Considering the overall regulatory requirements of the Draft, especially the market entry conditions and regulations of service providers, it seems that international cooperation should involve cooperation between a Chinese company and an overseas AIGC products provider, with the Chinese company acting as the access point for providing the service and acting as the service provider in order to satisfy the regulatory requirements under the Draft.
It is worth mentioning that Article 17 of the Draft provides that the service provider should provide the necessary information that can influence the users’ trust and choice, including the source, size, type, quality and other descriptions of the pre-training and optimization training data, manual labeling rules, the size and type of the manually labeled data, and the basic algorithms and technical systems if requested by the CAC and the relevant authorities. Such reporting obligation does not differentiate international cooperations and domestic AIGC products. It is conceivable that such information reporting obligation will create barriers to international cooperation. Therefore, in the scenario of international cooperation, if the Chinese service provider meets the other regulatory requirements under the Draft, is it possible to waive such information reporting obligation to certain extent for the international cooperation of AIGC?

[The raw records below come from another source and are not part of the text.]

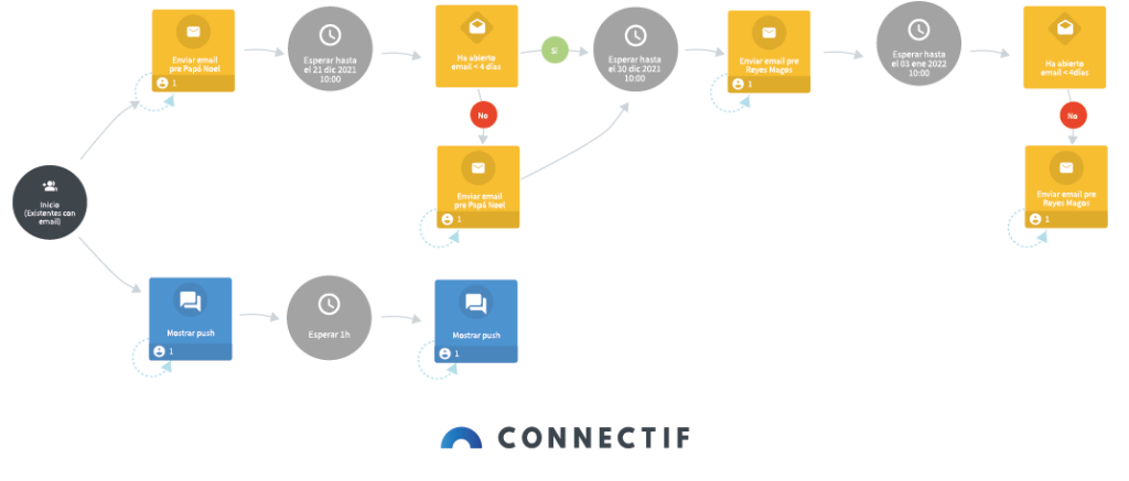 ➡️ Por todo ello, en Connectif hemos preparado un pack de workflows especial para la campaña navideña, con cinco plantillas disponibles y accionables para todos nuestros clientes. El objetivo es ayudarles a implementar estrategias avanzadas de manera sencilla, para lograr (¡o superar!) sus objetivos de venta en una de las campañas anuales más importantes.
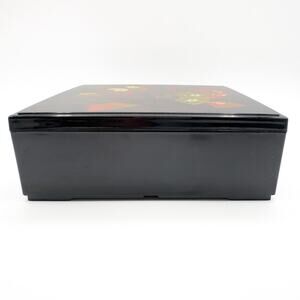 Vintage Otagiri Original Lacquerware Box Faux Lacquer Black with Fans Flowers
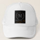 Celebrate prestige and personal legacy with this elegant horizontal design, sized precisely at 14 × 7 cm. Set against a deep black background, the composition features a bold silver monogram M enclosed in a square frame, crowned with a minimalist gold emblem. A silver laurel wreath encircles the monogram, flanked by two gold stars that symbolize excellence and achievement.
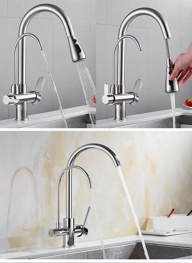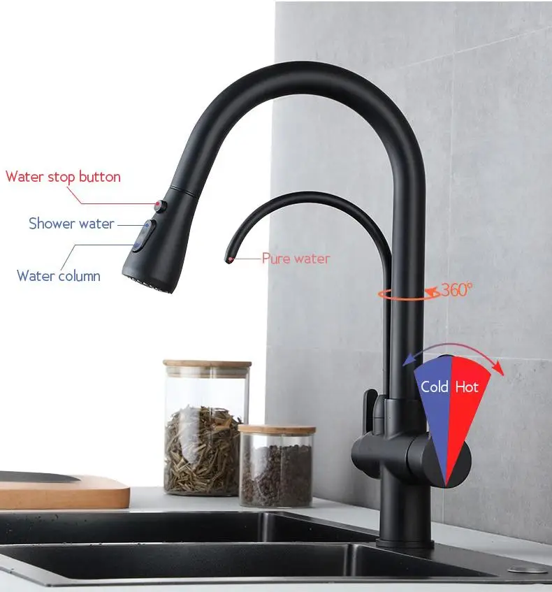 Название позиции: кухонный кран для ванной комнаты (вытяжной/фильтрующий кухонный кран) Установка: установка на бортике отверстие: одно отверстие отделка: хром/черный/Матовый никель Материал корпуса смесителя: кран Материал ручки смесителя: размер цинка: как на фотографии вес нетто: как на фотографии Упаковка: весь комплект
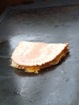 客もいました。たこせんもあるが王道のたませんにした。大将に無理を言って 左にテーブル、椅子あり
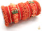 Pastel Peach colour velvet bangles with pearl & Floral Kade beautiful bridal set
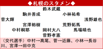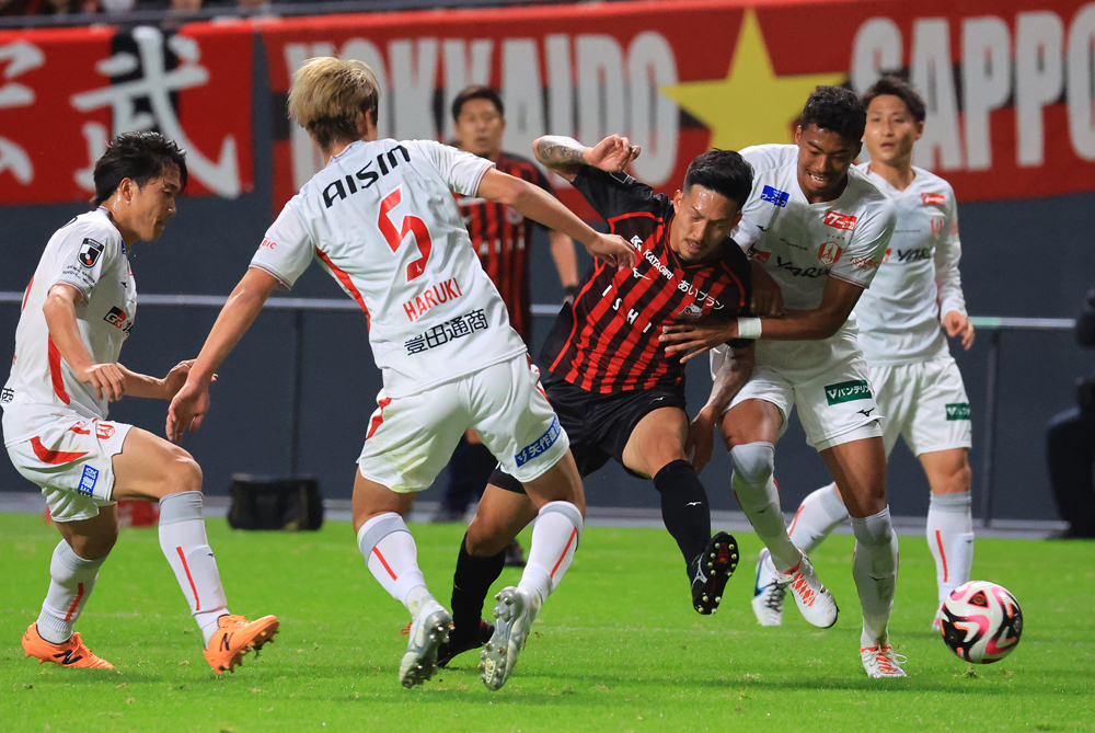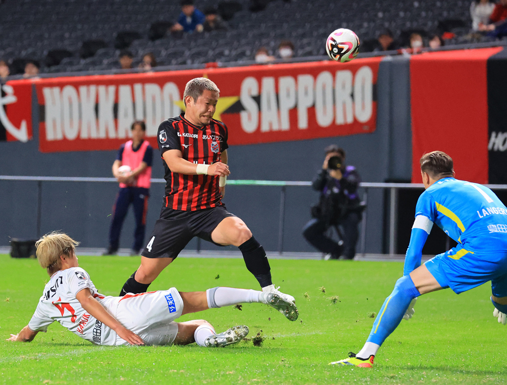 後半13分にDF髙尾瑠(27)とMF近藤友喜(23)を、同25分にはMF長谷川竜也(30)を投入し、立て直しを図るが、得点できず。同29分にはMF宮澤を下げてMF田中克幸(22)を入れたが、終了間際の後半45分、DFとGKの間へのロングボールを名古屋FW永井に技ありループシュートを決められ、1-2。勝ち点を得ることなく、札幌の5連敗となった。
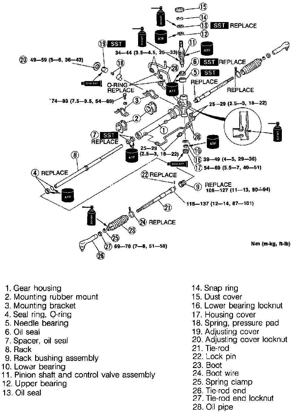 Tightening torque: 54-69 N.m (5.5-7 m-kg, 40-51 ft-lb)

The release of the Draft reflects the regulator’s positive attitude in supporting the development of Generative AI and draws a bottom line for its healthy development so as to avoid the wild growth of Generative AI. Providers of AIGC products and services should undertake responsibilities as producers of product-generated content, implement cybersecurity responsibilities, keep an eye on generated content from multiple perspectives such as ideology, privacy protection and intellectual property protection, and promote the healthy and legitimate development of AI technology within the regulatory framework.
Although the Draft covers most of the important aspects of AIGC, some of the principled provisions are subject to more detailed regulations. We will keep abreast with the formal Measures for the Administration of Generative AI Services to be issued by the CAC in the future and other regulatory provisions on AI and share our comments in due course.